El apóstol habla de ese tiempo, o más exactamente de una persona que pasa por ese tiempo después de haber sido verdaderamente despertada por Dios, es decir, de una persona que no solo ha sido conmovida en sus sentimientos sino que se ha vuelto de su extravío. Tan pronto como se ha comprendido eso, las dificultades de este capítulo se disipan por sí solas. Pero se preguntará: «¿Acaso muchos verdaderos cristianos, jóvenes y viejos, que estaban seguros de su salvación y de ser hijos de Dios, no pasaron por las experiencias descritas en Romanos 7? ¿No nos ocurrió lo mismo a la mayoría de nosotros?». Debemos responder afirmativamente, pero, solo a causa de la inclinación casi siempre legalista de nuestros corazones, la mayor parte de nosotros únicamente nos dejamos enseñar por esas experiencias dolorosas. Uno sabe y confiesa que está muerto con Cristo y en Él, pero a pesar de ello uno no está liberado. Actúa como si aún viviera en el antiguo estado y como si todavía hubiera que esperar algo bueno de la carne. Además, muchas almas piensan que, como el capítulo 7 de la epístola a los Romanos viene después de los capítulos 5 y 6, las experiencias descritas en el capítulo 7 deben seguir a la justificación del capítulo 5 y a la liberación del capítulo 6. Entienden que en esos capítulos hay una sucesión establecida divinamente. Pero esta conclusión es falsa. Con el capítulo 7 ocurre como con la ley, la cual «interviene» con una finalidad determinada. Esta conclusión pone en aprietos a muchas almas sinceras que aún no están afirmadas en la verdad y que no andan como lo desean, es decir, según el pensamiento de Dios. Tienen dudas y se preguntan si no son hipócritas, si no están equivocadas y si tal vez aún no están convertidas. Tienen un verdadero deseo de que ello no sea así, pero, frecuentemente mal enseñadas, sin darse cuenta abandonan el terreno de la gracia, se adentran en el terreno de la ley y hacen que todo dependa de su conducta y de lo que son en sí mismas ante Dios. Cualquiera que haya comprendido realmente la enseñanza de Romanos 5 y 6 ya no estará en peligro de fatigarse mediante esfuerzos inútiles para obtener por sus propias fuerzas una justicia ante Dios. Sabe que el cuerpo del pecado ha sido anulado, que ahora reina la gracia por Jesucristo y que ella lo ha liberado de aquello que en otro tiempo le retenía.
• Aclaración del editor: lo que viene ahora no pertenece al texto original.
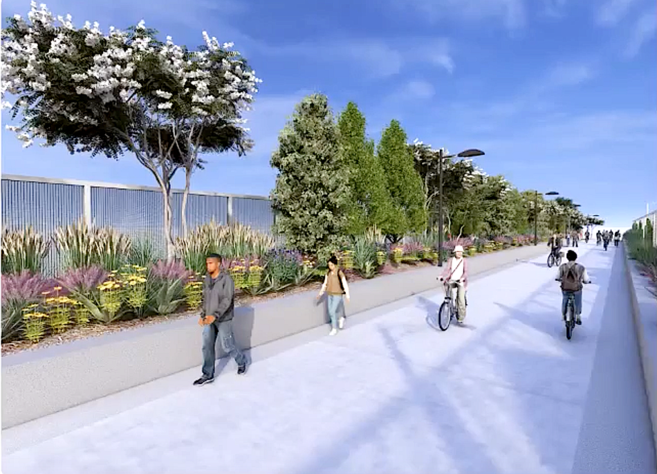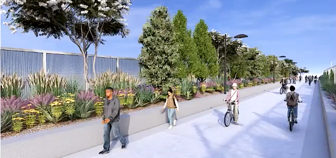 North of there, the locally funded, 14-foot pathway will weave onto a new bridge crossing over I-20 with plantings on both sides of the trial, two-foot buffers, stainless-steel fencing, and the largest trees possible for “a much more pleasant experience,” per Injaychock.
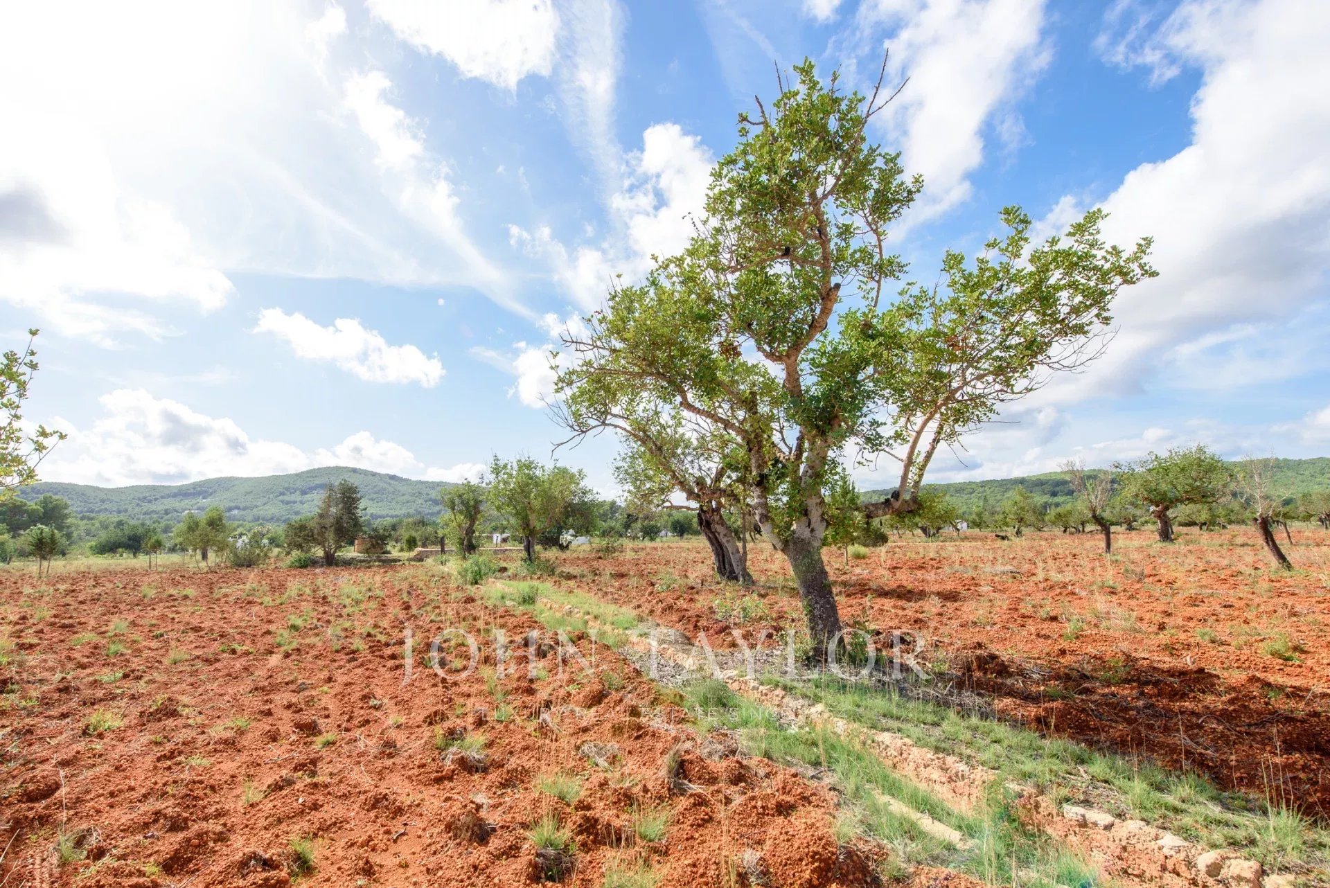 Terreno llano y fértil con árboles frutales

Cabe considerar aún otro aspecto. Ya hemos dicho que solo un hombre que pasó por el doloroso estado de Romanos 7 y que salió de él puede describir tal estado como está referido aquí. Un hombre que se encuentra hundido en un pantano no puede expresar sus sentimientos con esa calma. En la terrible situación en que se encuentra solo puede clamar por ayuda. Todo esfuerzo es inútil. Su situación empeora a cada movimiento que hace. Si levanta un pie para alcanzar la tierra firme, con el otro se hunde aun más profundamente. Por eso se puede comprender muy bien su grito de desesperación: “¡Miserable de mí! ¿quién me librará…?”.
Notemos también que en todo este capítulo no se trata ni de la gracia, ni de Cristo, ni del Espíritu Santo, sino solamente de la ley, del poder del pecado, de la impotencia y de la perversidad de la carne, como así también de los vanos esfuerzos por salir de la lamentable situación en que uno se halla.
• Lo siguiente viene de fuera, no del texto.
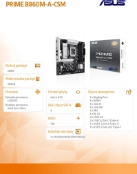 Osnovna plošča ASUS Prime B860M-A CSM prinaša zanesljivo zmogljivost za procesorje Intel Core Ultra in moderno opremo za hitre ter stabilne sestave. Zahvaljujoč čipovju Intel B860, podpori za DDR5 do 256 GB in vmesnikom PCIe 5.0/4.0 nudi odličen pretok podatkov, razširljivost in dolgo življenjsko dobo v kompaktni obliki microATX 24,4 × 24,4 cm.
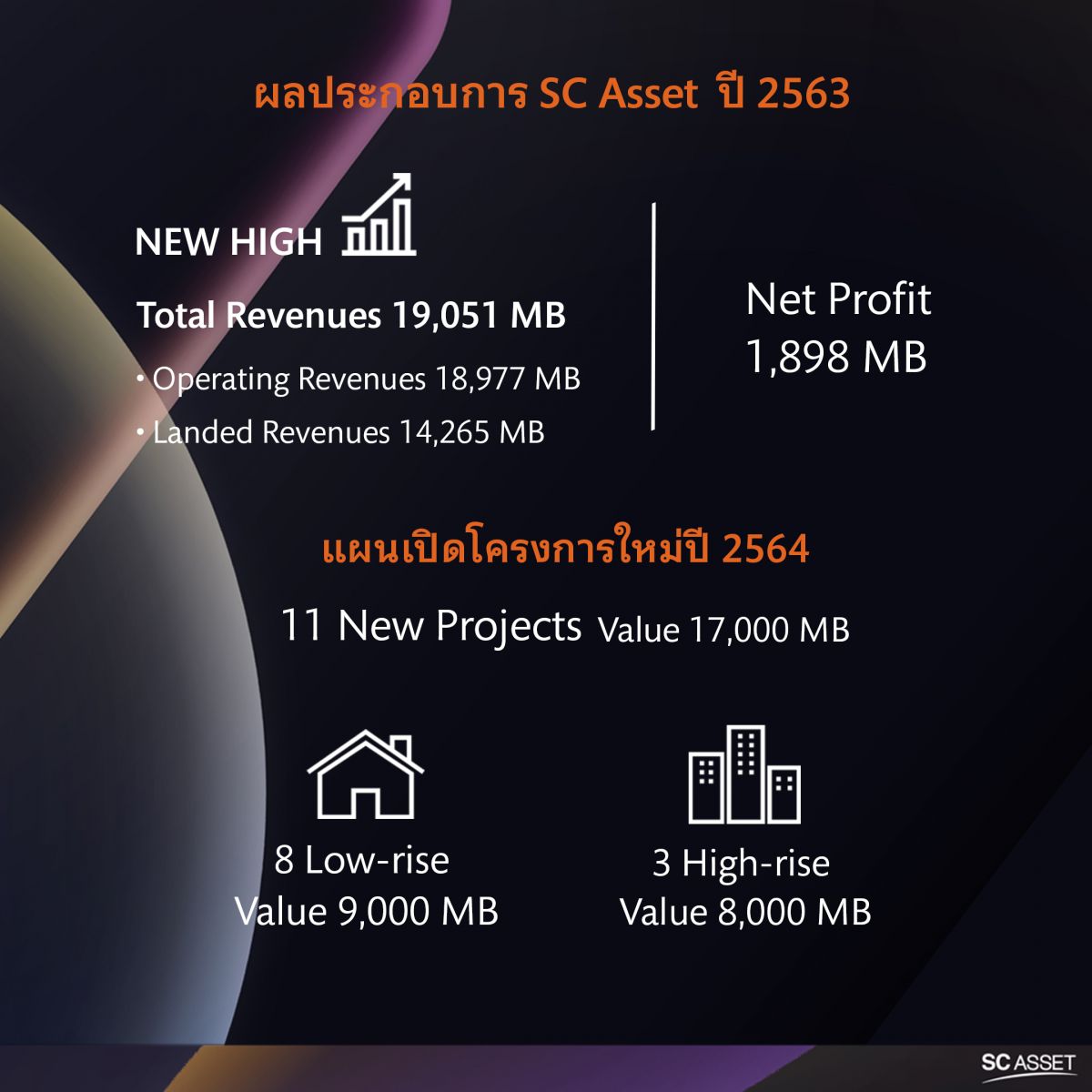 นายอรรถพล กล่าวสรุปว่า “ ด้วยความเชื่อมั่นของลูกค้าและพันธมิตรทางธุรกิจ ประกอบกับความพร้อมในทุกด้านของ SC มั่นใจว่า ปี 2564 บริษัทจะประสบความสำเร็จเติบโตทั้งยอดขายและรายได้เช่นที่ผ่านมา โดยมาจากทั้งพอร์ตหลักของแนวราบทุกระดับราคา จำนวน 58 โครงการ มูลค่าโครงการ 36,900 ล้านบาท และโครงการแนวสูง 11 โครงการ มูลค่าโครงการ 20,600 ล้านบาท ”

Cristo solo es presentado en el último versículo, después de haber resonado el grito de desesperación, como el único refugio, como la única salvación para el prisionero de la ley del pecado y de la muerte.
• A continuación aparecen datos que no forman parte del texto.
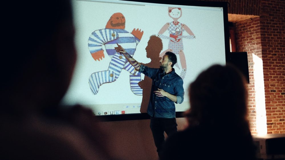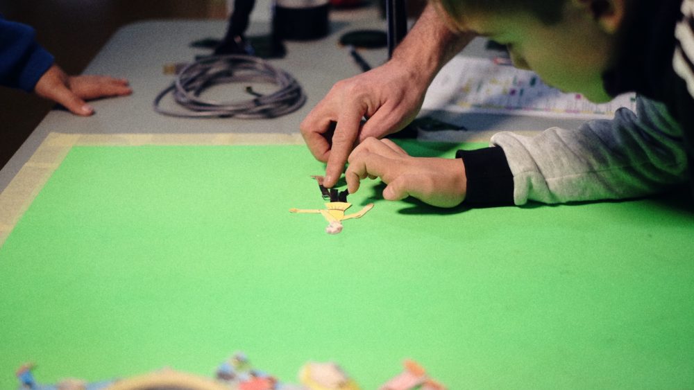 Taller de animación stop-motion en Mi Primer Festival, realizado en el Centro Cultural Conde Duque. Las familias aprenden a colaborar, grandes y pequeños, para producir juntos un cortometraje inspirado en la leyenda del origen del mote «gato» de los habitantes de Madrid.

Cristo es la única respuesta, plenamente suficiente, a la pregunta “¿Quién me librará?”.
Nos hemos adelantado al curso de este capítulo. Volvamos a los versículos 7-11. Después de haber refutado el pensamiento de que la ley es pecado, el apóstol añade: “Pero yo no conocí el pecado sino por la ley; porque tampoco conociera la codicia, si la ley no dijera: No codiciarás” (v. 7). De manera que la excelencia de la ley es fatal para el pecador. Ya en el capítulo 3 el apóstol había dicho: “Por medio de la ley es el conocimiento del pecado” y aquí: Yo no conocería el pecado ni sabría nada acerca de la codicia si la ley no me hubiese abierto los ojos. El pecado y la codicia son manifiestos y conocidos en su verdadero carácter por medio de la ley.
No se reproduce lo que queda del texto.